If you’ve gotten your COVID-19 vaccine, you’ve likely been told to keep your vaccination card safe. Don’t lose it, and take a photo of it in case you do. That card could soon become as important as your driver’s license or passport.

And just like IDs, the illegal market of vaccine cards is here.

Last week, law enforcement arrested a bar owner near Sacramento for selling fake vaccination cards. Todd Anderson is being charged with identity theft, falsifying medical records, and forging government documents.

“We're seeing these kinds of scams run wild,” says Sheera Frenkel, who covers cybersecurity for the New York Times. “It doesn't really matter if a particular state cracks down on it. If there are people in other parts of the country who are selling these cards online, those who want to run these scams, those who want to participate in these scams are going to find a way to buy fake vaccine cards.”

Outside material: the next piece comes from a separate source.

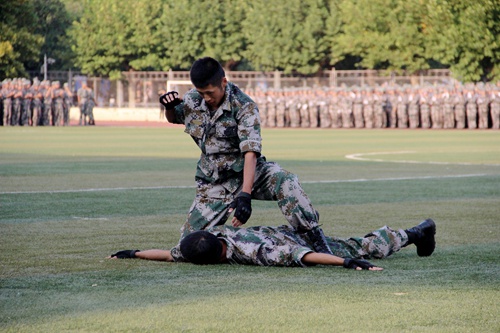 大会伊始,跑步连、擒敌拳方队、应急棍术方队等七个方队依次进行成果展示。齐步跑步连的英姿飒爽,擒敌拳、应急棍术连的干脆利落,定向越野连的健步如飞,引发了全体观众的热情。紧接着,军训教官带来的表演更是将全场气氛推向高潮,教官们飒爽的英姿、出色的表演、有力的口号不断赢得全场的掌声和欢呼声。军训期间,澳博体育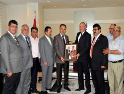 ANTALYA (İHA) - Antalya Esnaf ve Sanatkarlar Odaları Birliği’nde (AESOB) Başkan Abdullah Sevimçok, Başkan Yardımcıları Adlıhan Dere ve Mehmet Ali Alkan ile yönetim kurulu ve oda başkanları tarafından karşılanan Antalya Valisi Ahmet Altıparmak, Antalya’da görev yaptığı süre içerisinde bütün kurumlarla uyumlu çalıştıklarını ve AESOB ile de güzel çalışmalar yaptıklarını ifade etti. Antalya Esnaf ve Sanatkârlar Odaları Birliği Başkanı Abdullah Sevimçok bürokratların bir yerde ne kadar kalacağını belirleme şanslarının ve inisiyatiflerinin olmadığını belirterek, önemli olanın arkada bir hoş seda bırakabilmek olduğunu söyledi. Sevimçok, Vali Altıparmak’ın görev süresi boyunca gerek Ahilik kültür ve felsefesinin yaşatılması yönündeki destekleri ve esnafın sorunları, gerekse turizminde kaliteyi artırmak bakımından çok önemli işler yaptığını söyledi.

The cards are very simple and low tech, she says, which helped the vaccination rollout go more quickly and smoothly. But it also means these paper cards are extremely easy to forge, which will cause major hurdles down the road. “Finding a way to somehow authenticate people who have gotten the vaccine and those who haven't is going to be difficult.”

She says anti-vaccine groups are spreading information online about where to buy forged cards and instructions on how to print your own. Three sellers she interviewed told her similar things: “If we don't want to get it, we shouldn't have to get it. And we want to try and help other people who are not interested in getting vaccinated [to] skirt authorities as well.”

So what are authorities doing? Frenkel says if states roll out digital vaccine passports, they won’t rely on the paper CDC cards as proof.

“What they're going to do is ask pharmacies or mass vaccinations sites in your state to give them the evidence that you got vaccinated. So they're basically going to take on verifying for themselves who got vaccinated and who didn't,” she says.

In other words, keep that CDC card safe, but soon, you may need a bit more proof than that.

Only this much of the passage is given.